### Supplied information
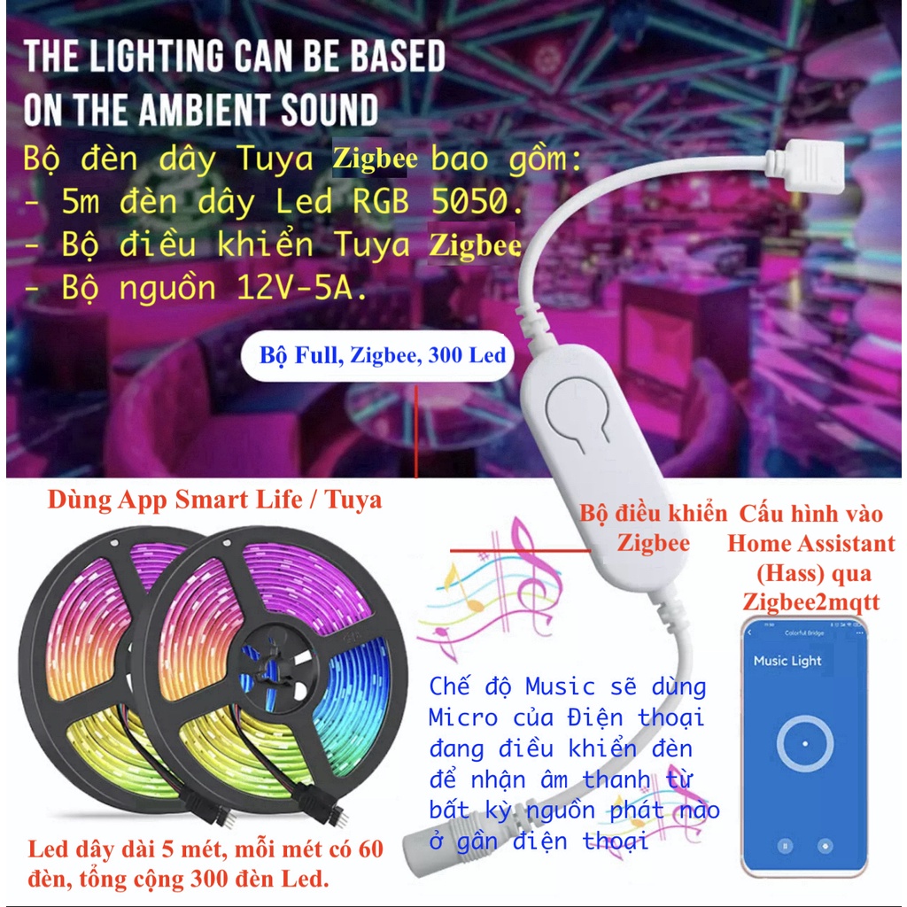 Bộ đèn Led dây 5M RGB 5050, Hệ Tuya, kết nối WIFI hoặc ZIGBEE tuỳ lựa chọn như bên dưới.Bộ đầy đủ Zigbee, 300 Led 5m, bao gổm:
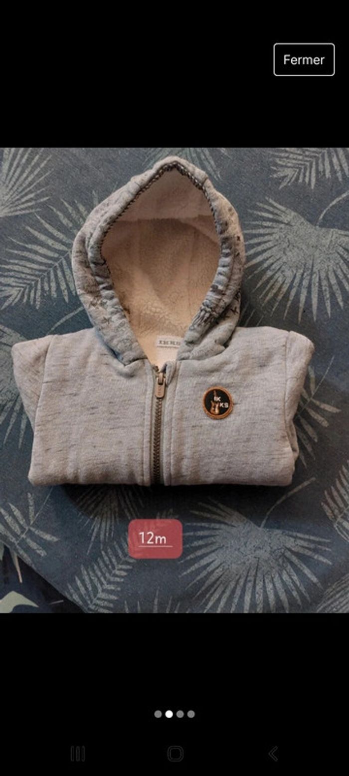 Gilet zippé à capuche ikks chaud molletonné  12 mais neuve - photo numéro 4
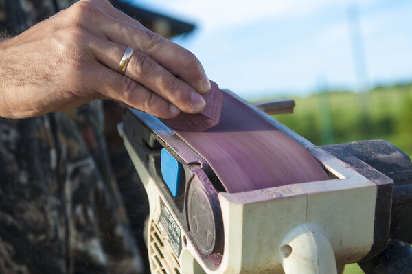 Теперь про само производство: муж закрепил шлифовальную машинку тисками на нашем новом столе в саду.
######
▸ Exercise objective
Extract exactly the lines above from the line containing "Gilet zippé à" through the last one, both ends included, but not the pictures.

▸ Task result
 Gilet zippé à capuche ikks chaud molletonné  12 mais neuve - photo numéro 4
 Теперь про само производство: муж закрепил шлифовальную машинку тисками на нашем новом столе в саду.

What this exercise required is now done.